Era Maria Pereira cunhã portuga amufumbada naquela brecha de morro desde a guerra com os holandeses. Macunaíma não sabia bem mais em que parte de Brasil estava e lembrou de perguntar.

— Me diga uma coisa, filho de gambá é raposa, como que chama êste lugar?

A cunhã secundou emproada:

— Aqui é o Buraco de Maria Pereira.

Macunaíma soltou uma grande gargalhada e escafedeu enquanto a mulher amoitava outra vez. O heroi seguiu de carreira e enfim passou prá outra banda do rio Chuí. Foi lá que topou com o tuiuiú pescando.

— Primo Tuiuiú, você me leva pra casa?

— Pois não!

Logo o tuiuiú se transformou na máquina aeroplano, Macunaíma escanchou no aturiá vazio e ergueram vôo. Voaram sobre o chapadão mineiro de Urucuia, fizeram o circuito de Itapecerica e bateram pro nordeste. Passando pelas dunas de Mossoró, Macunaíma olhou pra baixo e enxergou Bartolomeu Lourenço de Gusmão, batina arregaçada, pelejando pra caminhar no areão. Gritou pra ele:

— Venha aqui com a gente, ilustre!

Porém o padre gritou com um gesto imenso:

— Basta!

Depois que pulando a serra do Tombador no Mato Grosso deixaram prá esquerda as cochilhas de Sant’Ana do Livramento, o tuiuiú-aeroplano e Macunaíma subiram até o Telhado do Mundo, mataram a sêde nas aguas novas do Vilcanota e na última etapa voando sobre Amargosa na Baía, sobre a Gurupá e sobre o Gurupi com sua cidade encantada, enfim toparam de novo com o mocambo ilustre do igarapé Tietê.
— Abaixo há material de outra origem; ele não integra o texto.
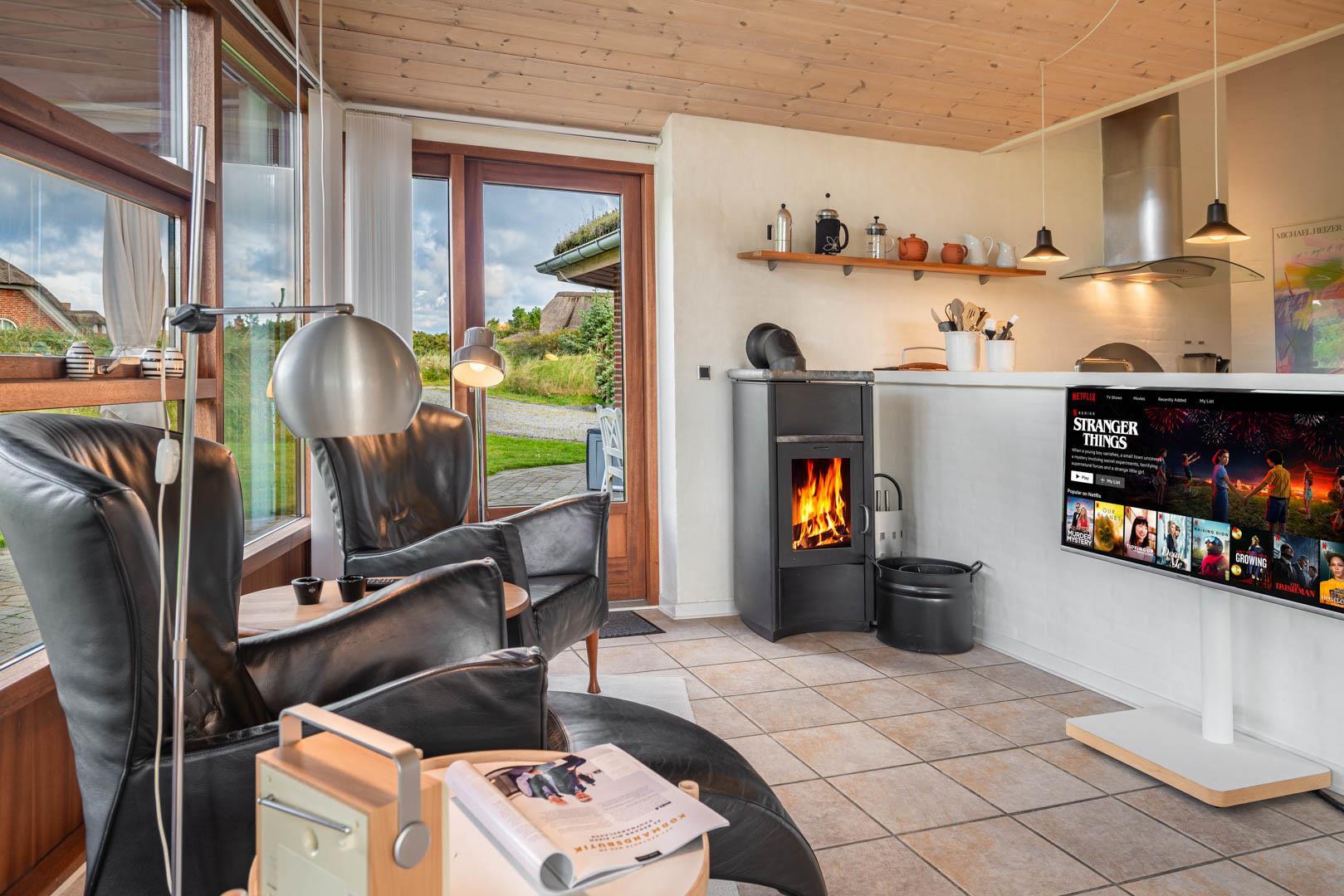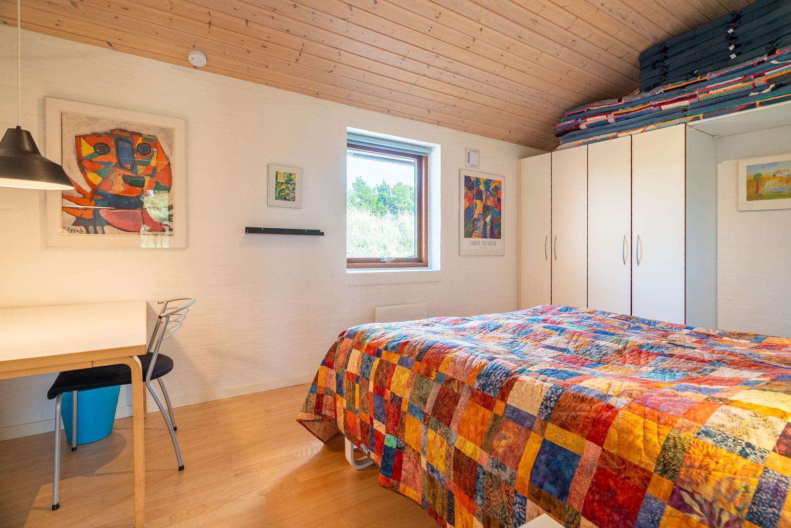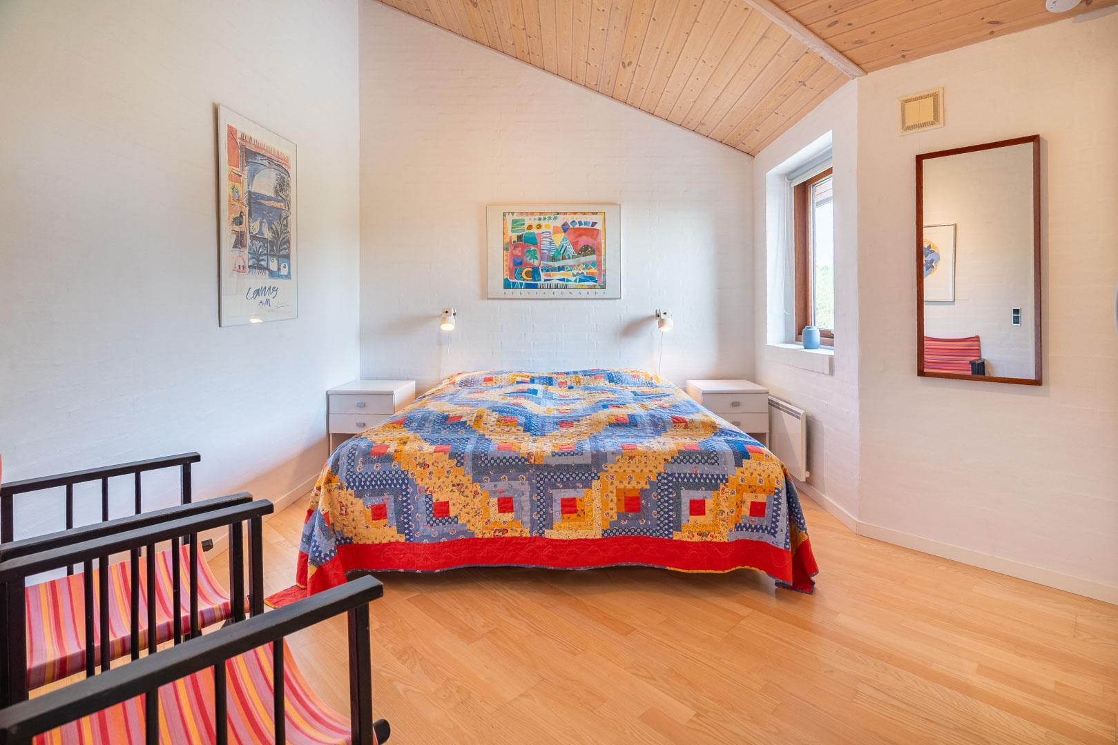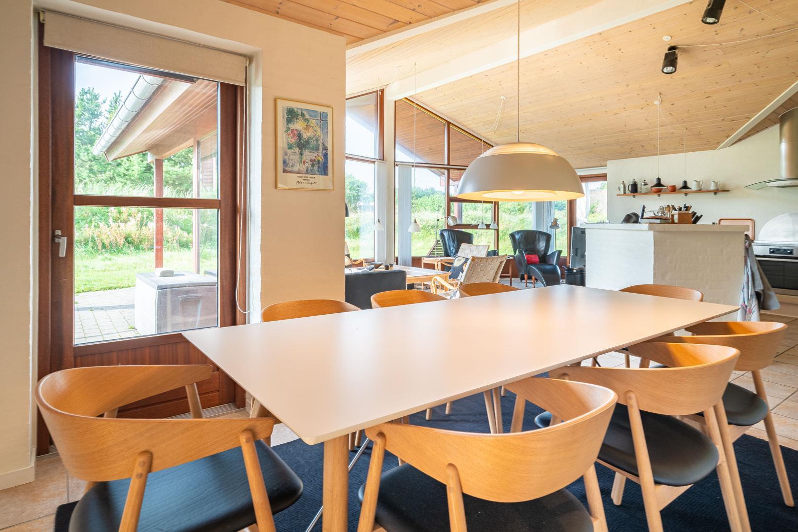 Opholdsstuen er lyst og venligt indrettet og har store vinduespartier, som giver et dejligt lysindfald. Køkkenet er praktisk indrettet og integreret i stuen, så hele familien kan være sammen – også når der bliver lavet mad. Sommerhuset har fire soveværelser: Tre med dobbeltsenge og ét med to enkeltsenge. Værelserne har trægulve og god opbevaringsplads, hvilket gør huset velegnet til både familier og mindre grupper.

D’aí a pouquinho estavam na porta da pensão. Macunaíma agradeceu muito e quis pagar o ajutorio porêm se lembrou que estava carecendo de fazer economia. Virou pro tuiuiú e falou:

— Olha, primo, pagar não posso não mas vou te dar um conselho que vale ouro: Neste mundo tem tres barras que são a perdição dos homens: barra de rio, barra de ouro e barra de sáia, não cáia!

Porém estava tão acostumado a gastar que esqueceu-se da economia. Deu dez contos pro tuiuiú, subiu satisfeito pro quarto e contou tudo pros manos já muito ressabiados com a demora. O caso afinal custara uns bons pacotes. Maanape então virou Jiguê num telefone e deu queixa pra Polícia que deportou a velha gulosa. Porém Piaimã tinha muita influência e ela voltou na companhia lirica.

A filha expulsa corre no céu, batendo perna de déu em déu. É uma cometa.